**Exercise directions:**
Please return only the lines from the one with "The URL can" through the final line of the data, unchanged, with pictures omitted.

**Available data:**
┌──

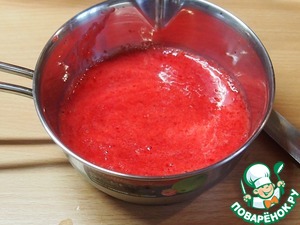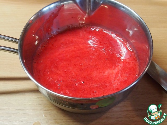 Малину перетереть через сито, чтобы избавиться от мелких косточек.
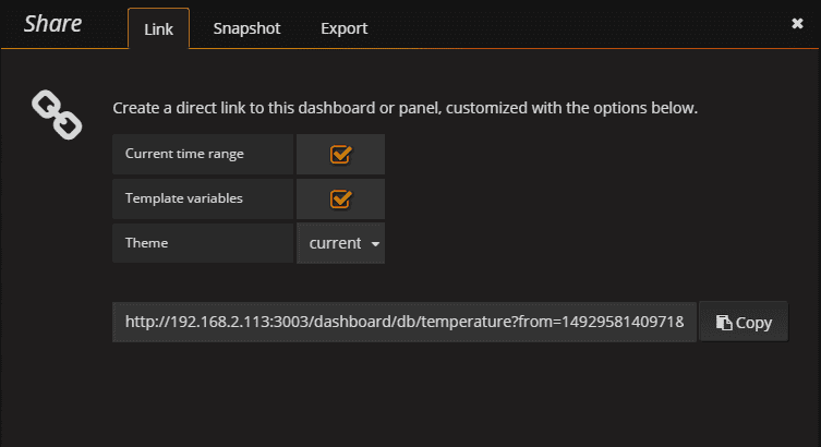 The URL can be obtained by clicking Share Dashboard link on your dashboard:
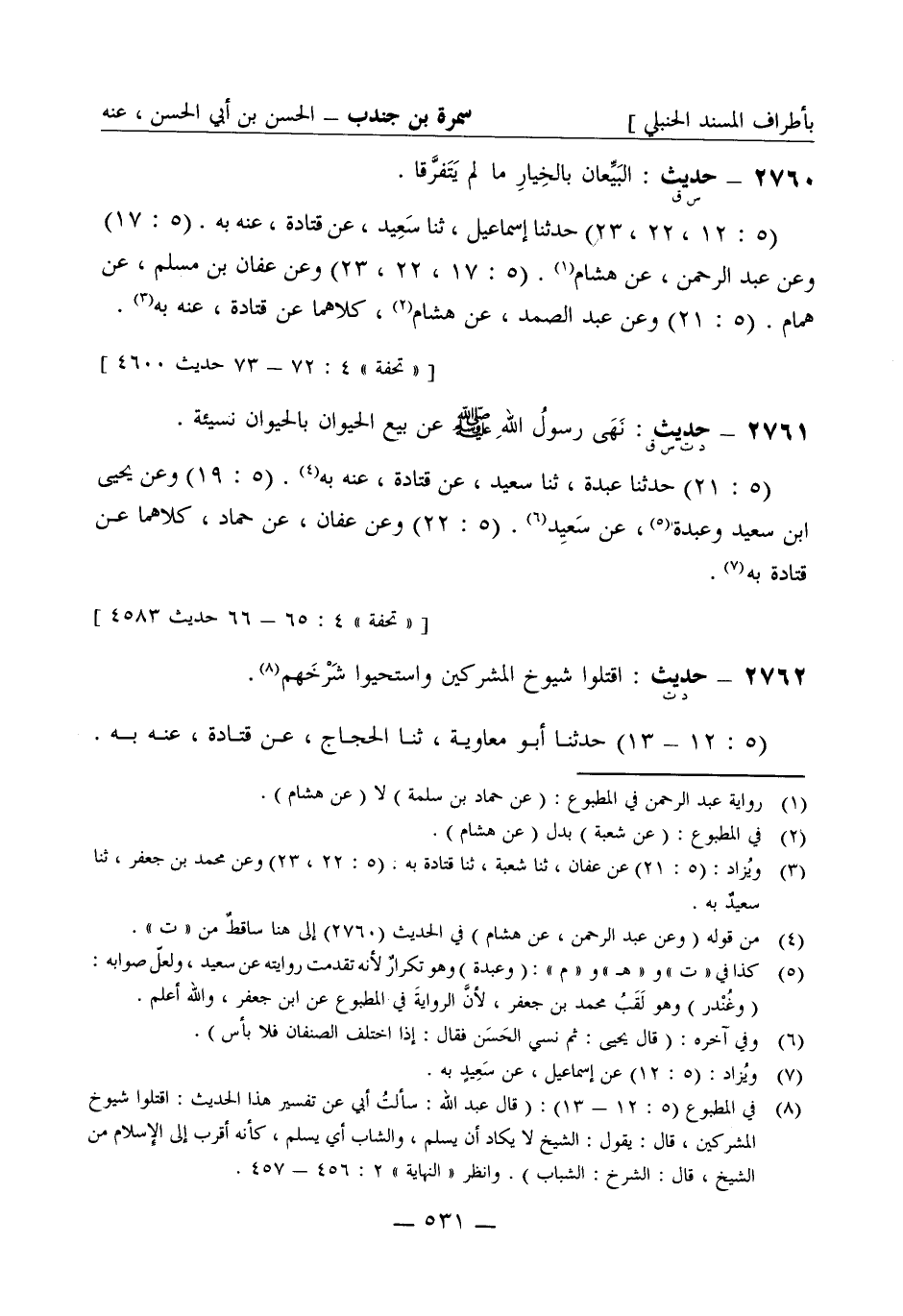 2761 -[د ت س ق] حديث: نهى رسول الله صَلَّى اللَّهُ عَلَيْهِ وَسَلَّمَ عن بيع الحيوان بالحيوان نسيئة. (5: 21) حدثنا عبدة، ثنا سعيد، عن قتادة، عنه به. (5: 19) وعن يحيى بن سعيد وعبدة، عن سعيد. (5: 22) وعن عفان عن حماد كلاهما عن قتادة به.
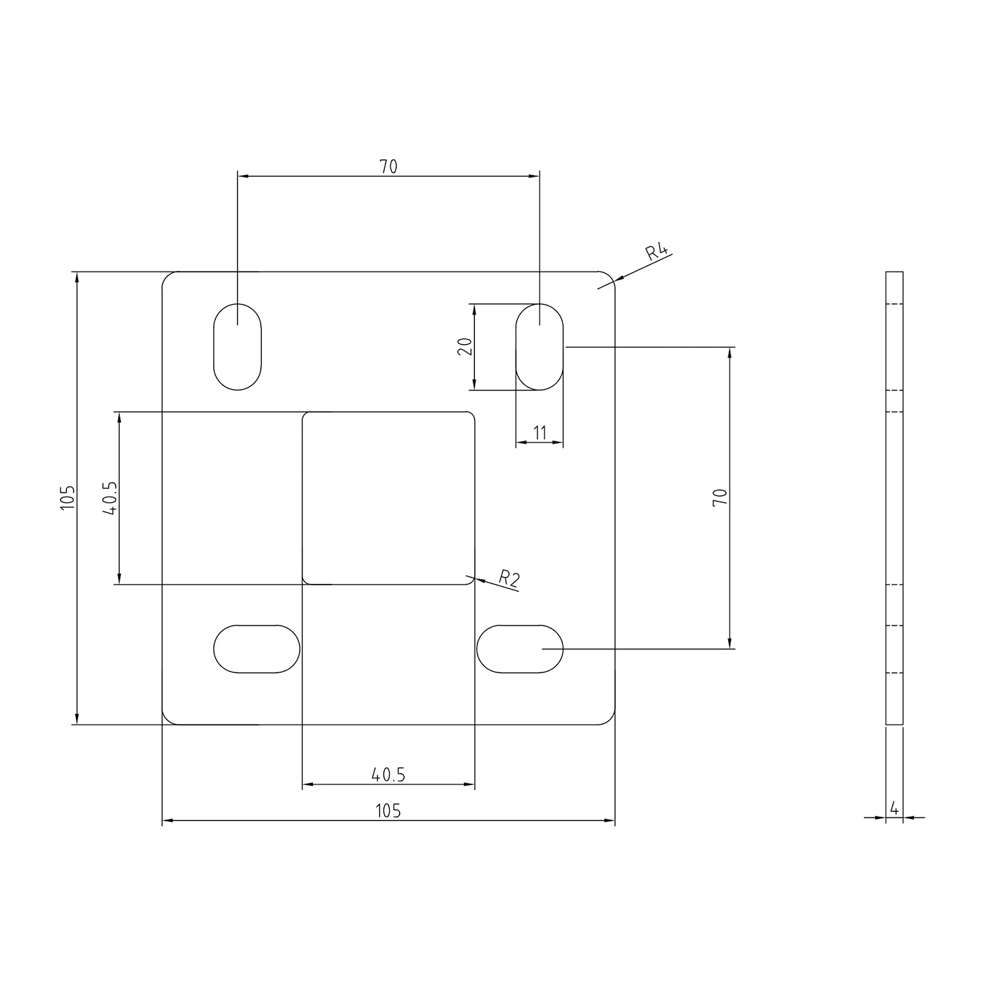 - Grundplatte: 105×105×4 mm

└──

**Response area:**
 The URL can be obtained by clicking Share Dashboard link on your dashboard:
 2761 -[د ت س ق] حديث: نهى رسول الله صَلَّى اللَّهُ عَلَيْهِ وَسَلَّمَ عن بيع الحيوان بالحيوان نسيئة. (5: 21) حدثنا عبدة، ثنا سعيد، عن قتادة، عنه به. (5: 19) وعن يحيى بن سعيد وعبدة، عن سعيد. (5: 22) وعن عفان عن حماد كلاهما عن قتادة به.
 - Grundplatte: 105×105×4 mm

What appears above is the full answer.